5. Visual representations of music: notation. OMR worldwide and at matfyz.
6. Musical similarity in symbolic representations and in audio. Search, mulitmodality — query by humming.
7. Multimodality and performance. Score following with and without symbolic representations and its applications. Modeling music expression. Automatic adaptive accompaniment.
8. Singing and lyrics. Singing voice detection, singing voice synthesis, automatic transcription and alignment of sung text.
9. Digital music history. Databases: RISM, F-Tempo, Cantus. Examples of digital editions (Mozart, Josquin), popular music databases (Billboard, Million Songs Dataset).
10. Music generation. Algorithmicity, chance, and generative artificial intelligence. Various human-in-the-loop systems.
11. Music distribution. Recommender systems — collaborative filtering, cold start problem. Copyright: ContentID, fingerprinting. Cover song identification.
12. Music cognition. EEG and music, entrainment, music therapy: Parkinson’s disease, depression, Alzheimer disease.

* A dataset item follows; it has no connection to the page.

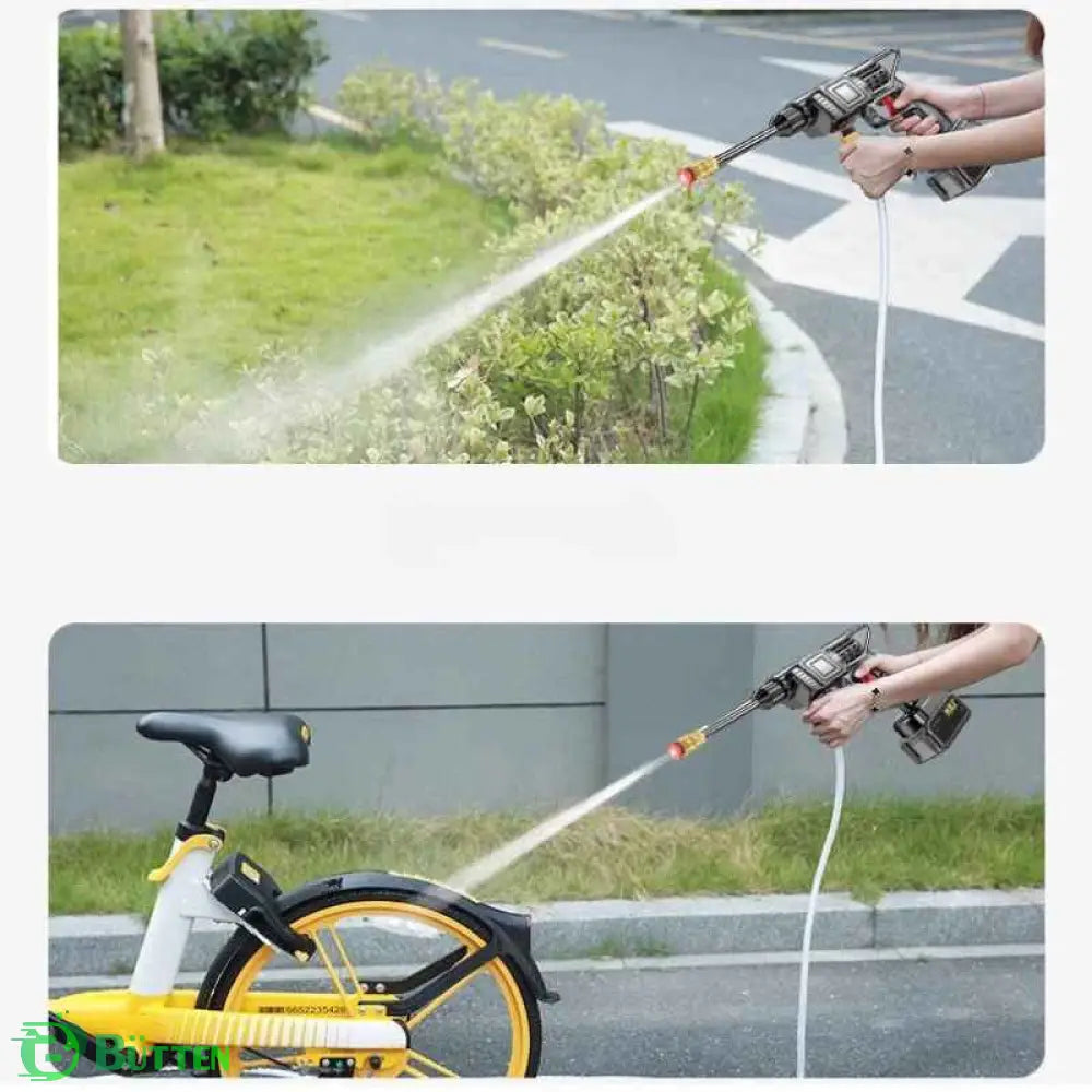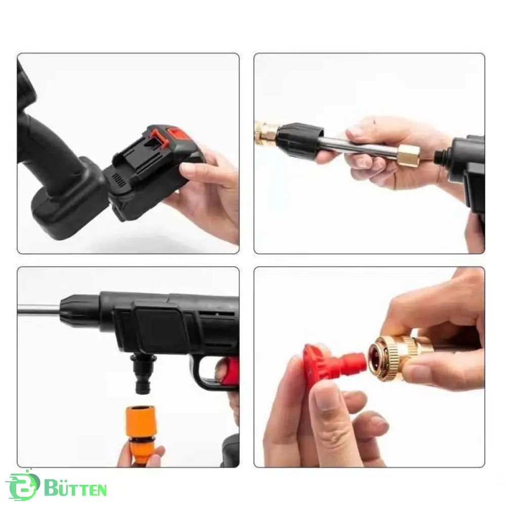 Com seu design leve e sem fio, a Lavadora de Alta Pressão é fácil de usar e controlar. Basta conectar uma mangueira ao balde de água e desfrutar de uma limpeza potente e prática, sem a necessidade de proximidade com tomadas.

13. Non-European musical cultures. Ragas, Chinese music, Maqams, Arab-Andalusian music. Folk music. Cultural evolution perspectives.
14. The world of computational music processing: industry, academia, important online resources. Worldwide/Europe/Czechia/matfyz. Improtant open-source libraries.
15. Recap for exam, reserve time, discussion space.
(The subject does not touch on digital music production and audio engineering: no live coding, no DAW work, no VST plugins, etc.)